SjSs C57BL/6J.NOD/ShiLtJ-Aec1Aec2 (C57BL/6.NOD-Aec1Aec2) and non-SjSs C57BL/6J (C57BL/6) control mice were bred and maintained under specific pathogen free conditions in the animal facility of Animal Care Services at the University of Florida. The breeding and the use of animals described herein were approved by the University of Florida's Institutional Animal Care and Use Committee. Development of the C57BL/6.NOD-Aec1Aec2 mouse and its SjS-like disease phenotype are described elsewhere (Brayer et al., 2000; Cha et al., 2002b). Briefly, the C57BL/6.NOD-Aec1Aec2 mouse was developed by introducing two genetic regions, one on chromosome 1 (designated Aec2) and the second on chromosome 3 (designated Aec1) derived from the NOD/LtJ mouse into the C57BL/6 mouse. All animals were maintained on a 12 h light-dark schedule and provided food and acidified water ad libitum. At times indicated in the study, mice were euthanized by cervical dislocation after deep anesthetization with isoflurane and their organs and tissues freshly harvested for analyses.

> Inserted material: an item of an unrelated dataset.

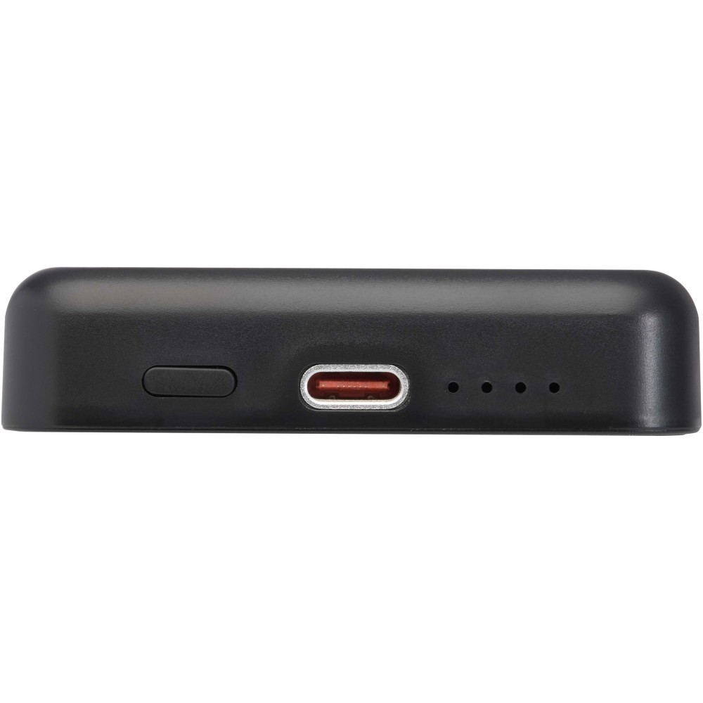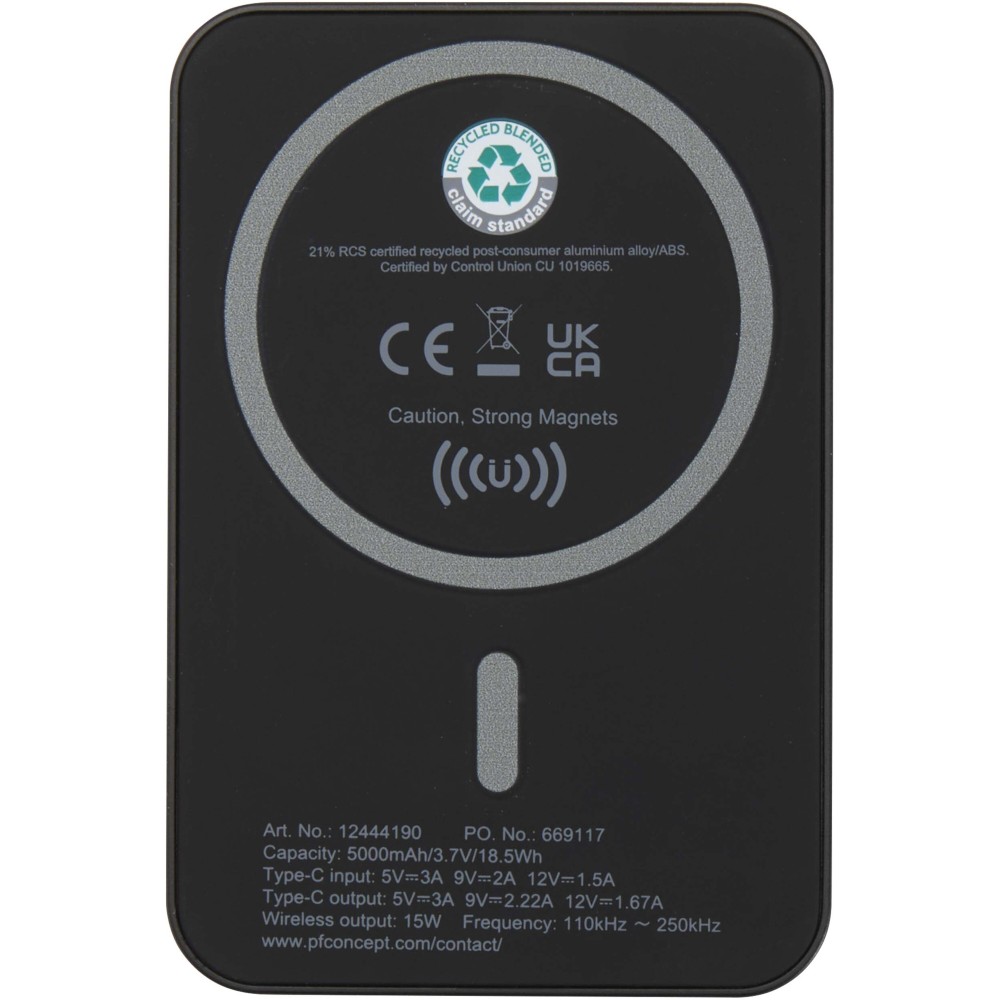 Töltsd fel okosabban és gyorsabban eszközeidet az Acrab 5000 mAh powerbank segítségével, amely újrahasznosított műanyagból készült. Akár 15W mágneses vezeték nélküli töltést kínál kompatibilis okostelefonokhoz, beleértve az iPhone 12 és újabb modelleket. Más, mágneses funkció nélküli, vezeték nélküli töltésre alkalmas készülékekhez fémgyűrűs matricát mellékelnek a pontos illeszkedés érdekében. A powerbank támogatja a 20W vezetékes Type-C gyorstöltést is, és egyszerre két eszközt tud tölteni (vezeték nélküli és vezetékes módban), így ideális választás útközben. A LED jelző folyamatosan tájékoztat a töltés és az akkumulátor állapotáról. Emblémázás: Tamponnyomás, UV nyomtatás

Histological examination of the salivary glands

Salivary glands were fixed in 10% phosphate-buffered formalin for 24 h. Fixed tissues were embedded in paraffin and sectioned at a thickness of 5 μm. Paraffin-embedded sections were deparaffinized by immersing in xylene, followed by dehydration in ethanol. The prepared tissue sections were stained with hematoxylin and eosin (H&E) dye (Histology Tech Services, Gainesville, FL). Stained sections were observed at 200× magnification by using Nikon Eclipse Ti-E inverted microscope. To detect and determine leukocytic infiltrations in salivary glands, a single histological section per gland per mouse was examined by a blinded examiner. Lymphocytic infiltrations were defined as aggregates of >50 leukocytes.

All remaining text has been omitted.